I didn't actually run the code, so it might be slightly off but that's the general idea.

If you want to test the whole plugin, it's possible using the Neovim Python API (you can look at how they do their own testing if you're interested) but it's a lot harder, because ncm-R has a lot of moving parts (talking to Neovim, Nvim-R and to NCM). This is why I usually debug with two tmux panes, one on the left with Neovim and one the right to monitor the logs in real time. It's far from ideal, but I can usually pinpoint the bug after some trial and error.

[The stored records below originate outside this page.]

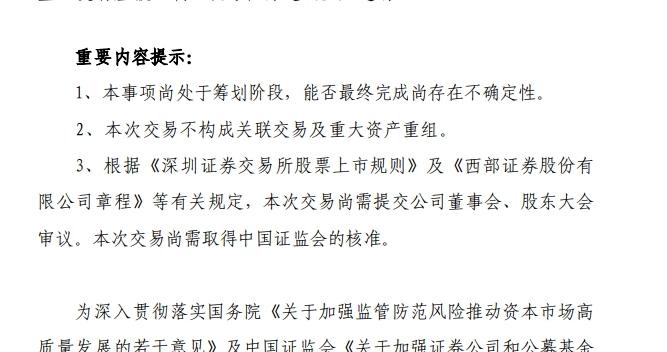 券商并购又来新消息!西部证券筹划收购国融证券控股权
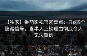 【独家】番茄影视官网盘点:丑闻9个隐藏信号,当事人上榜理由彻底令人无法置信
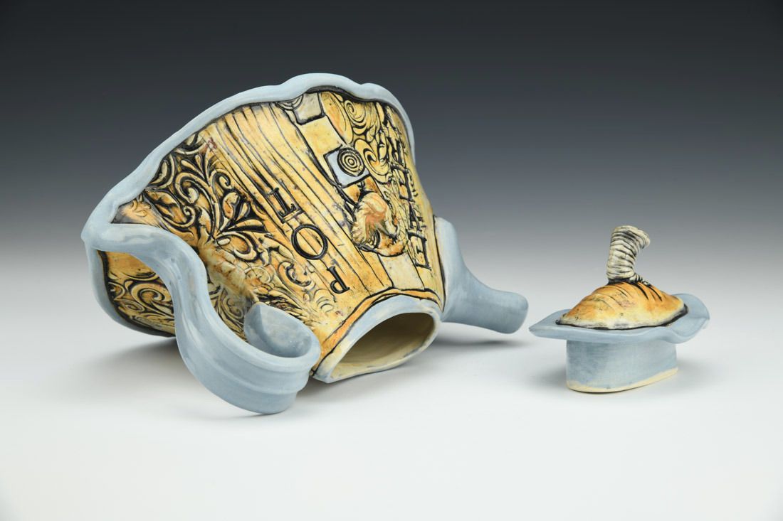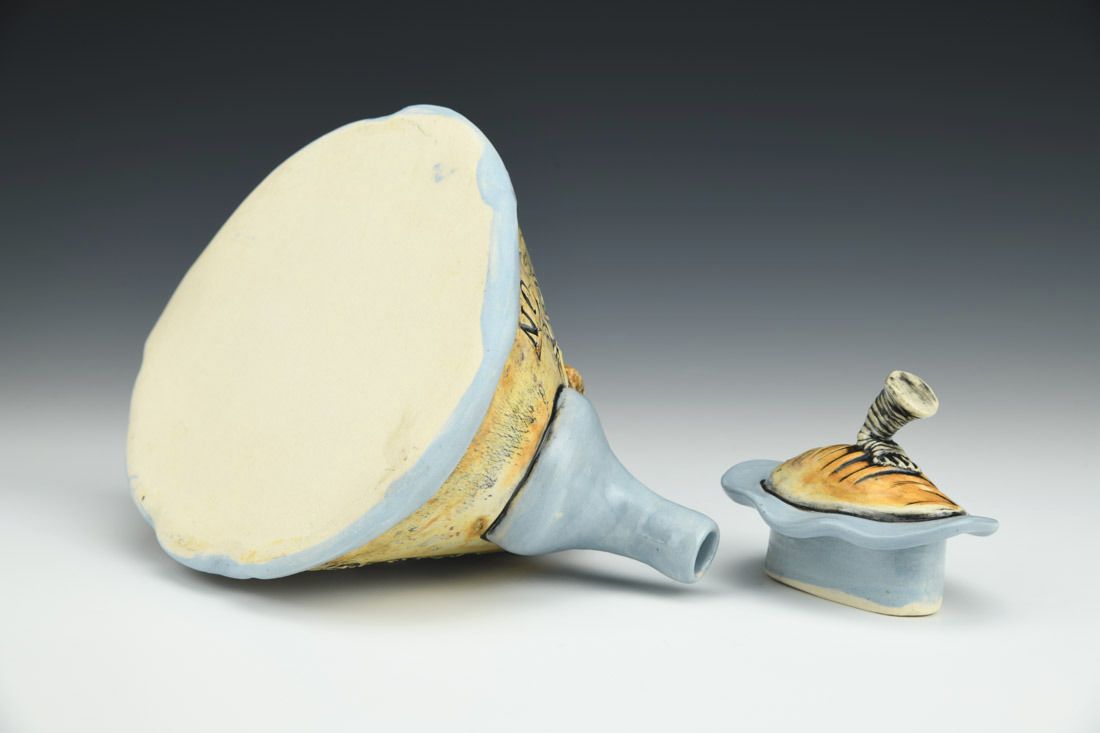 White stoneware, hand built and wheel thrown, Mason stains, slips, underglaze, cone 6 electric fired, 5.75 x 8 x 6 inches.
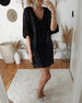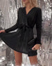 SPECIFIKATIONER Stil: Fest Materiale: Bomuldsblanding Kjoletype: A-linje Kjolelængde: Over knæet Halsudskæring: V-udskæring Mønstertype: Pailletter Ærmetype: Almindeligt ærme Ærmelængde: Langærmet Detaljer: Rygløs,Sløjfeknude Pasform: Almindelig Sæson/årstid: Efterår,Vinter Lejlighed: Daglig,Fest Pakken inkluderer: 1 x Kjole STØRRELSESTABEL (c...

seb-mueller commented 6 years ago

Thanks for the instructions. Having followed your suggestions I got the following results (likewise for flights):

print(rlang.get_function(buff, 7, 10))
#[None, 'select']
print(rlang.get_pipe(buff, 7, 10))
#iris

So I suppose the regex seems to work. As next I wanted to to inspect the workspace and followed again your instructions. Briefly, I've started nvim this way:

NVIM_PYTHON_LOG_FILE=nvim.log NVIM_PYTHON_LOG_LEVEL=INFO NVIM_LISTEN_ADDRESS=/tmp/nvim nvim

Open 2 new tmux panes, one monitoring the logs tail -f nvim.log_py3_cm_core and the other one using firing up a python shell ipython3, which gives me access to the vim buffer etc. as described in the python API guide:

from neovim import attach
# Create a python API session attached to unix domain socket created above:
nvim = attach('socket', path='/tmp/nvim')
buffer = nvim.current.buffer
print(rlang.get_pipe(buffer, 7, 10))
# flights

I haven't worked with this API before and was wondering how to inspect the actuall pyton objects? Is there a way to import it similar to accesing the buffer (i.e. using the above nvim object). In particular the Rsource object and CoreHandler seems to contain all the relevant info, but I don't know how to access it. Hope that is not too confusing, but thanks for any pointers.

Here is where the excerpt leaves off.